Our review aims to assess the role of DCE-MRI in radiogenomics, with a focus on ML-based predictive models.

Methods

A comprehensive search was conducted in the PubMed, Scopus, Web of Science, Embase, and ProQuest databases via key terms related to “DCE-MRI”, “Machine learning”, “Deep learning”, “Glioblastoma”, and “Radiogenomics”. The extracted data include dataset descriptions, tumor classifications, MRI sequences, predicted genes, ML approaches, performance metrics, results, external validation status, and interpretability methods.

Results

Out of the 432 identified articles, five studies involving 621 GBM patients met the inclusion criteria.
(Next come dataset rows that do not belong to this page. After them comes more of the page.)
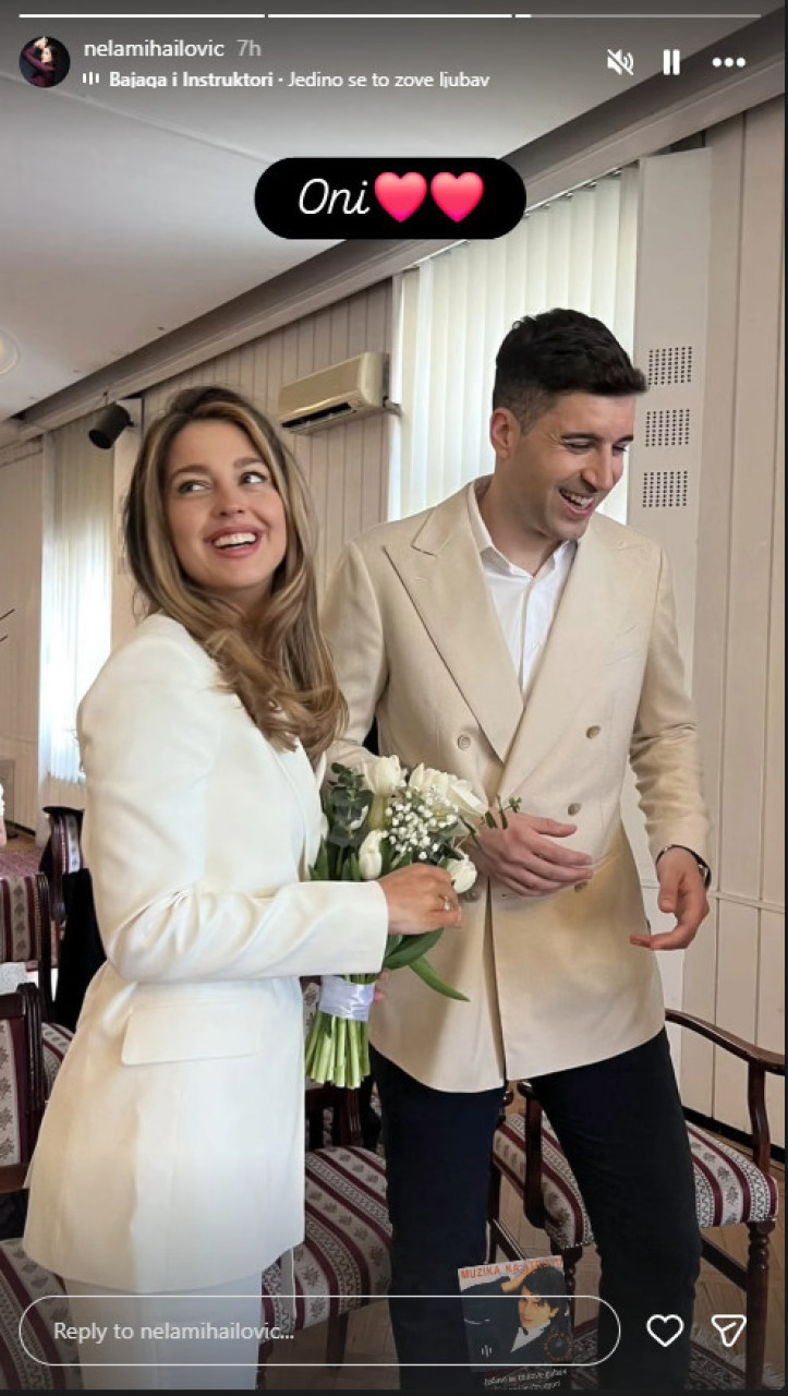 Нина Нешковић је са партнером судбоносно "да" изговорила најпре у општини, а блистала је у белом оделу, док је младожења имао крем сако и тамне панталоне.
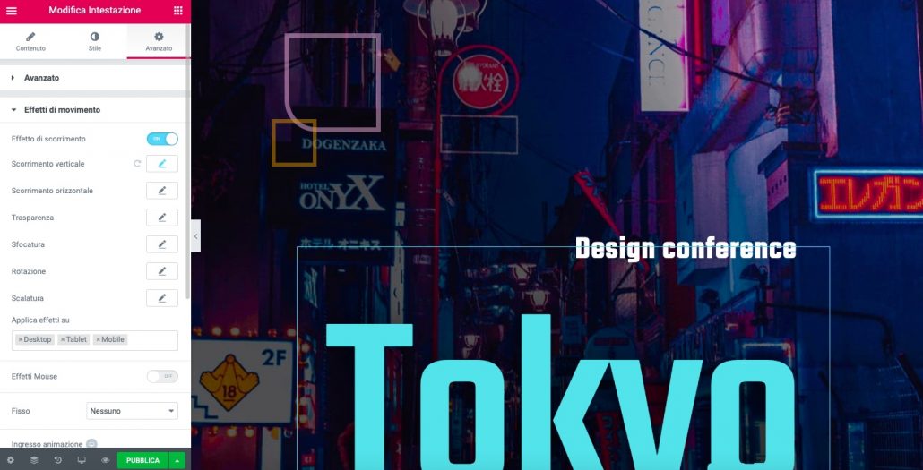 Puoi anche decidere su quale dispositivo verrà applicato l’effetto: Desktop, Tablet, Mobile.
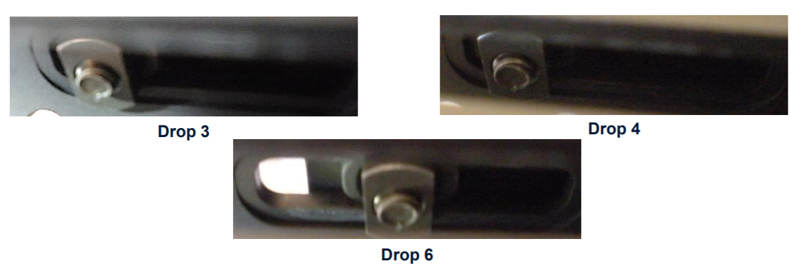 - Drop 4 caused additional slight rearward displacement of the rail inside the slot.
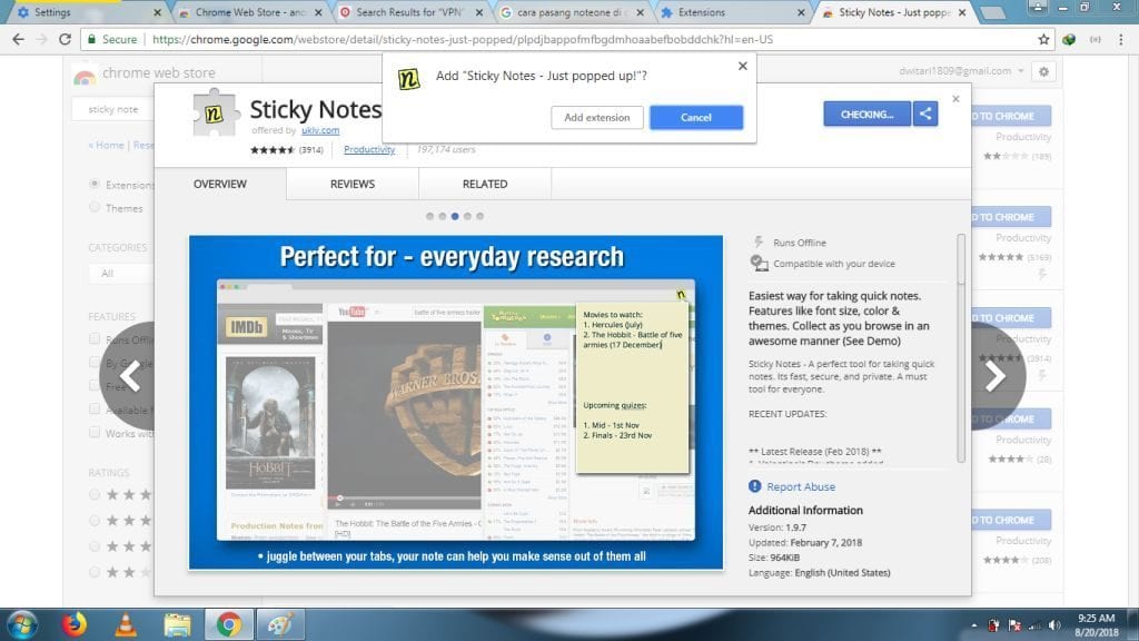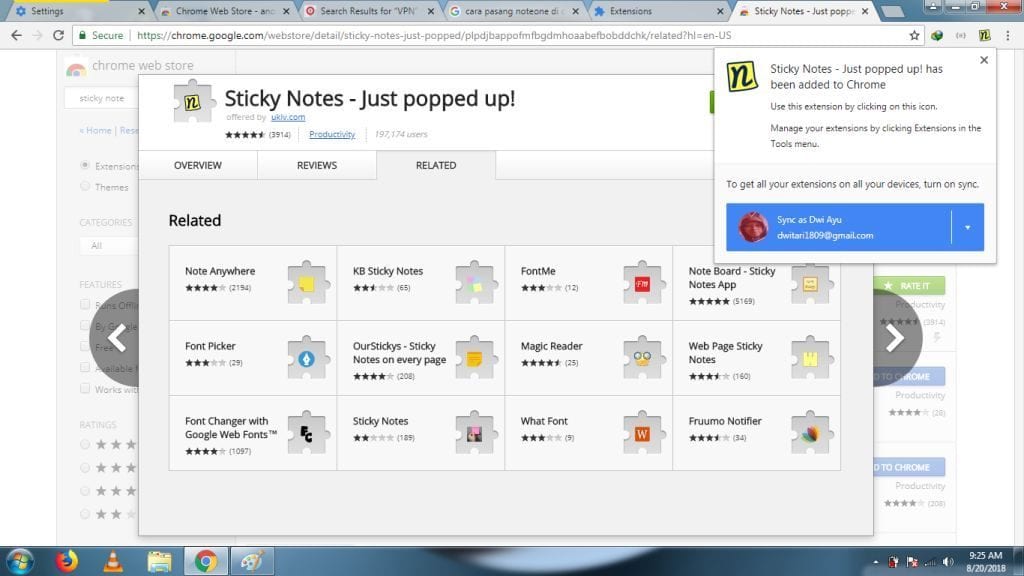 7. Ada tanda peringatan bahwa ekstensi Sticky Notes tadi telah dipasang.
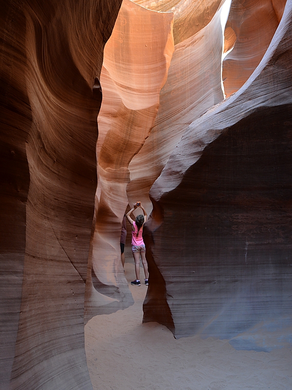 Antelope Canyon bestaat eigenlijk uit twee canyons: de Upper en de Lower Antelope Canyon. Het zijn beide slot canyons ofwel zeer smalle kloven. De Upper is 90 meter en de Lower 400 meter lang. Beide zijn super-fotogeniek. Je ziet foto's van Antelope Canyon dan ook overal terug. Door de lichtval kleuren de zandsteenrotsen prachtig oranje. Tenminste zo zie je het op de foto's. Dat heeft veel te maken met de witbalans. Zelf beleef je de kleur lang niet zo mooi.
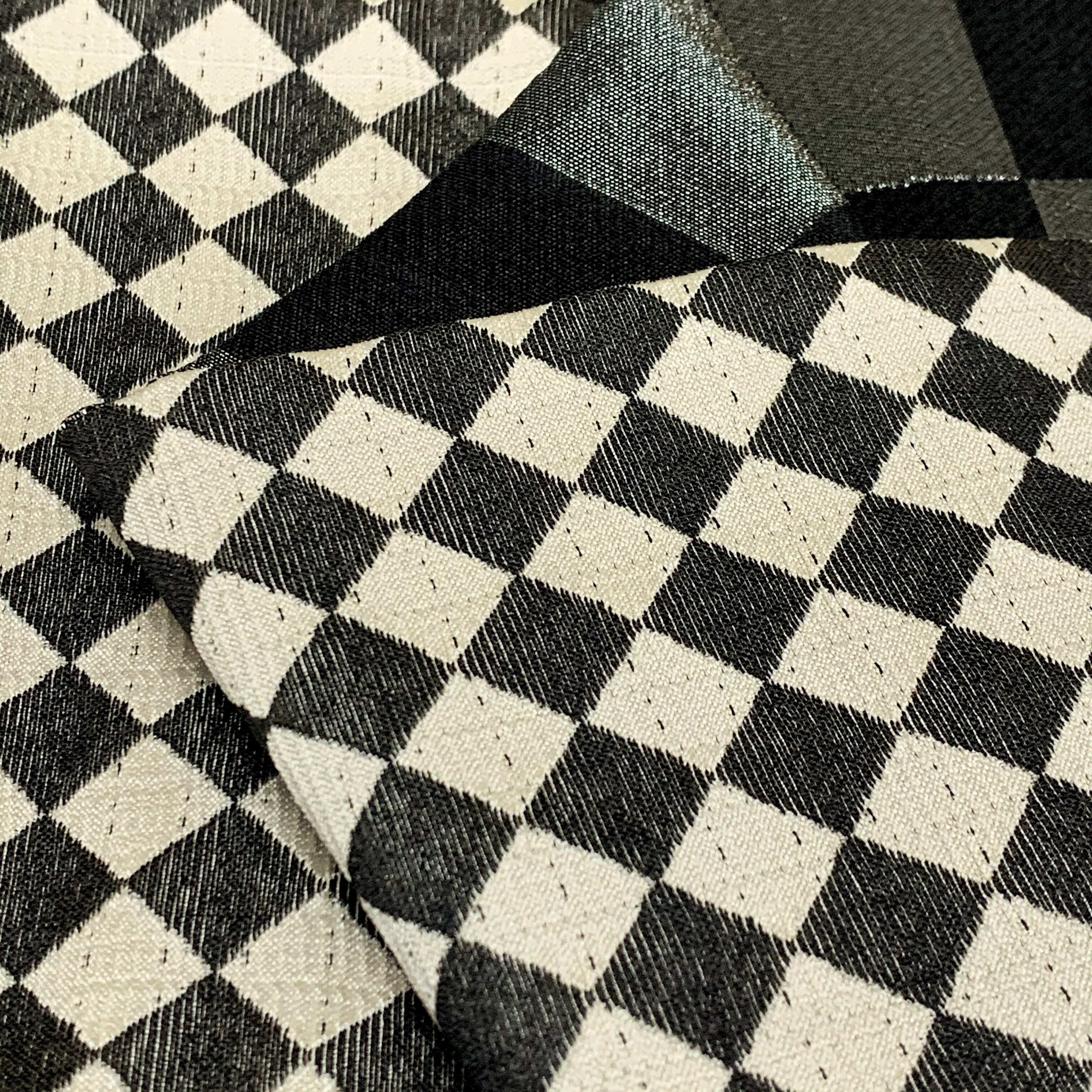 色柄説明:縦縞の凹凸のある織り柄が高級感のあるオフホワイトの地に、ほぼ黒に近いダークグレーのダイヤ模様が織り込まれた
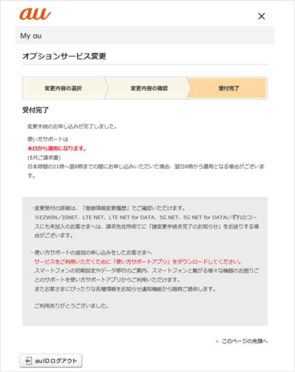 使い方サポートの加入は、My au(Web)でお手続きできます。 詳細な手順は以下をご確認ください。

Studies have employed DCE-MRI alongside other sequences, including T1-weighted, T2-weighted, and FLAIR. The predicted genetic markers included IDH1 mutation, EGFR mutation, MGMT methylation, and key cell cycle regulatory molecules such as RTK, p53, and RB1. Forty percent of the studies utilized DL approaches, with only one study performing external validation. Performance metrics, such as the area under the receiver operating characteristic curve, were reported across studies.

Conclusion

Our findings underscore the promising role of DCE-MRI in GBM radiogenomics, particularly when combined with ML approaches. However, the lack of external validation limits the broader applicability of these models. Future research should focus on larger, multicenter studies with thorough validation methods to enhance the clinical relevance and advance precision medicine in GBM management.